Python play with data simple distributed crawler

1, Explain

Although there are many things that can be done by scratch, it is difficult to achieve large-scale distributed applications. Someone has changed the queue scheduling of the sweep and changed the starting URL from start_ It is separated from URLs and read from redis instead. Multiple clients can read the same redis at the same time, so as to realize distributed crawler. Even on the same computer, multi process crawlers can be run, which is very effective in the process of large-scale crawling.

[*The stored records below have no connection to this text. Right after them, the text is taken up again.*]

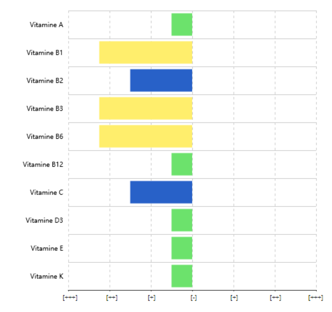 Resultaat van een vitamine meting. Dit is een voorbeeld van 1 van de 36 analyse rapporten
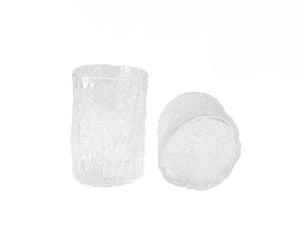 The stump cup by Vitreluxe founder Lynn Read was created using an actual oak branch in order to mimic the organic textures of a tree bark. You will love the simple, organic nature of this functional cast glass pair, which includes two clear tumblers. Measures 4 inches tall. Handcrafted in US.
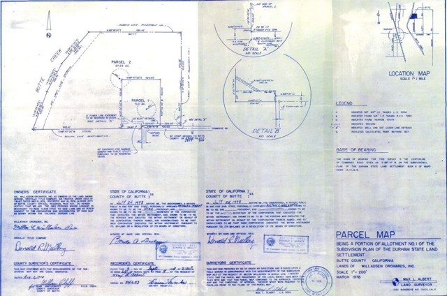 Awesome ±27 acre Durham country property with mature almond orchard and ±1/4 mile frontage along Butte Creek. Durham School District. ±24.25 net acres of mixed age almonds (66.7% Nonpareil, 16.7% Peerless & 16.7% Carmel) with ±1,500-1,800 lbs./acre recent yield history. Younger trees are all on Krymsk 86 rootstock. Irrigation water supplied by an on-site ag. well with 50 HP electrical turbine motor, applying water via R10 solid-set sprinklers in a single set for frost control. Surface water from the Durham Mutual Water Company (Butte Creek diversion) available. Soils are all optimal Almendra & Conejo loam series (Class 1). Close to Durham yet in quiet setting in the country, along Butte Creek. Less than a mile from the Durham Community Park, ±1.00 mile to Durham and just under 4 miles to Chico. Awesome property that would make a great homesite. Property includes direct road frontage along Cummings Lane as well as a ±60' easement to the western portion of the property from the intersection of Cummings Lane and Cummings Road. Butte Co. APNs: 040-650-003 (23.88 acres - orchard) & 040-650-002 (3.36 acres - levee & creek)
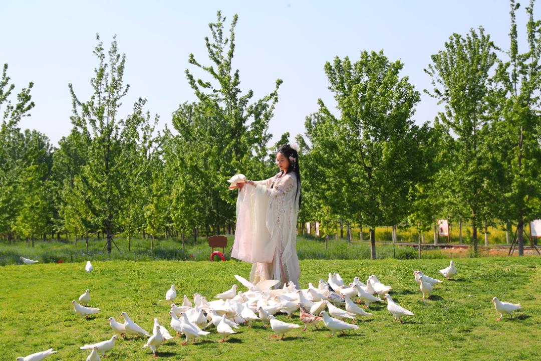 市民石蒙说:“这里环境很舒适,我们特意穿汉服来打卡,很适合一家人来玩。”
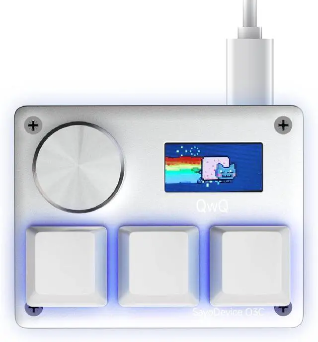 SayoDevice O3C KeyboardThis keyboard with 3 Hall magnetic linear switches, 1 knob, 1 screen! TYPE-C, USB 2.0 high-speed 8000HZ.
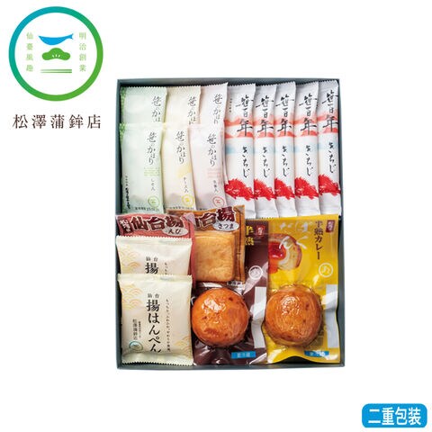 ●商品内容/笹百年きちじ5枚、笹のかほり(チーズ・しそ・生姜 各2枚)、揚はんぺん2枚、仙台揚(さつま・えび 各1枚)、半熟ばくだん・半熟カレーばくだん 各1個
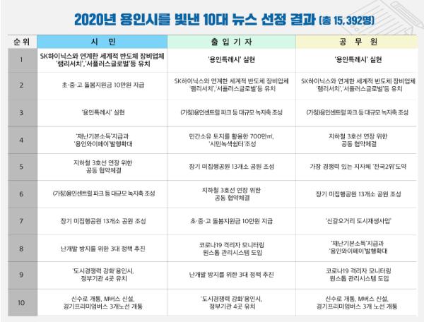 시민이 뽑은 용인시 10대 뉴스의 주요 내용은 다음과 같다.
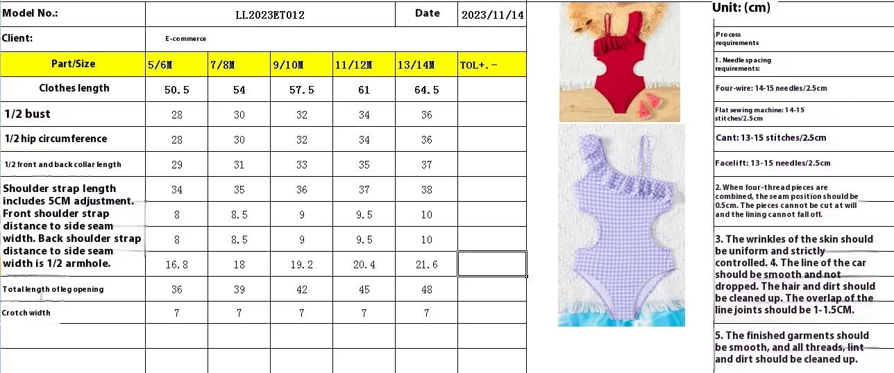 The oblique shoulder ruffles add a playful and feminine detail to the design, giving the swimsuit a unique, elegant touch. The ruffles enhance the overall look, making it not only a practical swimwear option but also a fashionable one. This swimsuit is perfect for little girls who love to stand out and express their fun, vibrant personality.
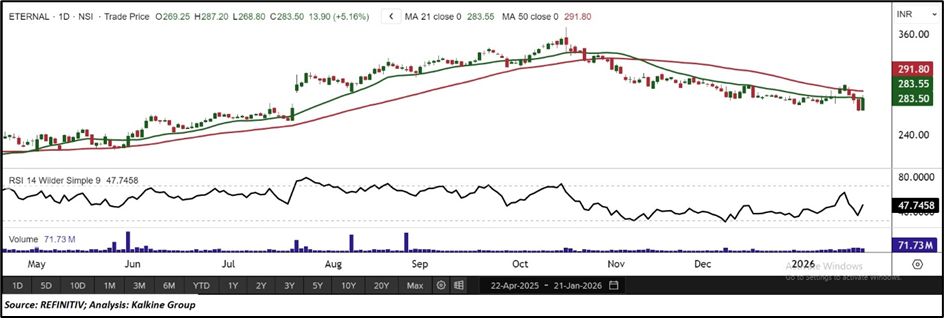 Eternal Limited, formerly Zomato Limited (NSE: ETERNAL), operates as an Internet portal that helps in connecting the users, restaurant partners or third-party merchants and the delivery partners rose by 5.16% and closed at INR283.50 before Q3 result released. The company operates across four core verticals, comprising the Zomato platform, Blinkit, District, and the Hyperpure supply business. It also provides a platform for restaurant partners and brands to advertise themselves and supply ingredients to restaurant partners.
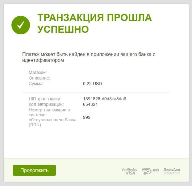 3. На следующей странице выполните действия: - Введите номер банковской карты, внимательно заполнив все поля. - Введите срок действия карты. - Введите номер CVC (он расположен на обороте карты и состоит из трёх цифр). - Введите код защиты. - Eсли введённые данные верны, нажмите Оплатить 4. Об успешном завершении платежа вы будете проинформированы сообщением следующего вида:

2, Distributed crawler principle

The addition of a redis component mainly affects two places: the first is the scheduler. The second is data processing.

Scripy redis distributed strategy.

As a distributed crawler, it is necessary to have a Master side (core server). On the Master side, a redis database will be built to store start_urls,request,items. The Master is responsible for url fingerprint duplication, request allocation and data storage (generally, a mongodb will be installed on the Master side to store items in redis). In addition to the Master, another role is the slave (crawler execution end), which is mainly responsible for executing the crawler to crawl data and submitting new requests in the crawling process to the redis database of the Master.

As shown in the figure above, suppose we have four computers: A, B, C and D, and any one of them can be used as the Master terminal or slave terminal. The whole process is:
First, the slave takes the task (Request, url) from the Master to grab the data. While the slave grabs the data, the Request for a new task is submitted to the Master for processing;
There is only one Redis database on the Master side, which is responsible for de duplication and task allocation of unprocessed requests, adding the processed requests to the queue to be crawled, and storing the crawled data.

Scripy redis uses this strategy by default. Our implementation is very simple, because scripy redis has helped us with task scheduling and other work. We only need to inherit RedisSpider and specify redis_ Just key.

The disadvantage is that the task of scrapy Redis scheduling is the Request object, which contains a large amount of information (including not only URLs, but also callback functions, headers and other information). The result may be to reduce the crawler speed and occupy a large amount of storage space in Redis. Therefore, if you want to ensure efficiency, you need a certain level of hardware.

3, Case preparation

1. One for windows (from: scene)

2. One linux (Main: scratch \ redis \ Mongo)

ip:192.168.184.129

3,python3.6

Configuration steps of scratch under linux:

1,install python3.6

yum install openssl-devel -y   solve pip3 Problems that cannot be used(pip is configured with locations that require TLS/SSL, however the ssl module in Python is not available)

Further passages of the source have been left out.